Where this strategy stops working
Three places to watch out for. First, warehouse clubs don't count as supermarkets for any of the cards above. Costco doesn't accept Amex at all except the Costco Anywhere Visa. Sam's Club takes most cards but codes as a warehouse merchant, not a supermarket, so Amex Gold's 4x doesn't apply, and neither does Blue Cash Preferred's 6%. BJ's Wholesale Club has the same problem. If you're a warehouse shopper, you need a different card strategy (the Costco Visa for Costco, a flat-rate 2% card for Sam's and BJ's).
Second, Walmart and Target also don't code as supermarkets on most card networks. Walmart is its own merchant category and Target codes as a department store. Even though both sell groceries, the 6% Blue Cash Preferred rate and 4x Amex Gold rate don't apply at either. The Target RedCard handles Target at 5% off; for Walmart, a 2% flat-rate card is usually the right call unless they're running a Walmart+ promotion.
Third, third-party delivery services. If you order Kroger groceries through Instacart, the charge will often code as Instacart rather than as a Kroger supermarket purchase, which means you lose the supermarket bonus. If you want the 4x or 6%, order through Kroger.com or the Kroger app directly and use Kroger's own delivery or pickup. Boost+ includes delivery, which solves this problem cleanly.
How to actually run this
- Sign up for Kroger Plus at kroger.com or any Kroger family register. Free, takes two minutes.
- Decide on Boost. If you spend over $50 per week at Kroger or buy gas at a Kroger or Shell station twice a month, the entry tier pays for itself. Start with Boost (not Boost+) unless you want delivery.
- Open the Kroger app. Spend five minutes loading every digital coupon that looks relevant. This is the part most people skip, and it adds up.
- Choose your card. If you already carry Amex Gold or Blue Cash Preferred, you're set. If you don't, Blue Cash Preferred is the simpler entry point for a cash-focused household; Amex Gold makes more sense if you also want transferable points for travel.

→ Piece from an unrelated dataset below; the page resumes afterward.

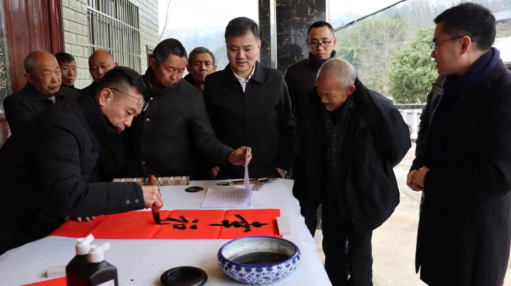 中央外辦把定點(diǎn)幫扶工作與同彭水八個(gè)基層支部的聯(lián)學(xué)共建結(jié)合起來(lái),以點(diǎn)帶面、以黨建引領(lǐng)全局。調(diào)研組一行先后來(lái)到善感鄉(xiāng)周家寨村,鞍子鎮(zhèn)羅家坨村開(kāi)展支部共建活動(dòng),通過(guò)實(shí)地查看、聽(tīng)取介紹等方式,與大家話家常、聊變化,詳細(xì)了解支部共建開(kāi)展情況。支部共建活動(dòng)現(xiàn)場(chǎng)還開(kāi)展了寫(xiě)春聯(lián)活動(dòng),為大家書(shū)寫(xiě)春聯(lián),送上新春祝福。調(diào)研組表示,要堅(jiān)持以人民群眾為主體、以激發(fā)內(nèi)生動(dòng)力為目標(biāo),充分發(fā)揮黨建優(yōu)勢(shì)精準(zhǔn)賦能鄉(xiāng)村振興,推動(dòng)結(jié)對(duì)共建走深走細(xì)走實(shí)。

- At checkout, scan your Plus card first (digital or physical), then pay with the card. Fuel points and credit card rewards both post on the same transaction.
- At the pump, enter your phone number or scan the app. The Shell pumps will prompt you for Kroger fuel points if your number is in the system.
The whole setup takes maybe twenty minutes to put in place and then runs itself. For a household spending real money at the grocery store, it's the closest thing to free money the card world offers.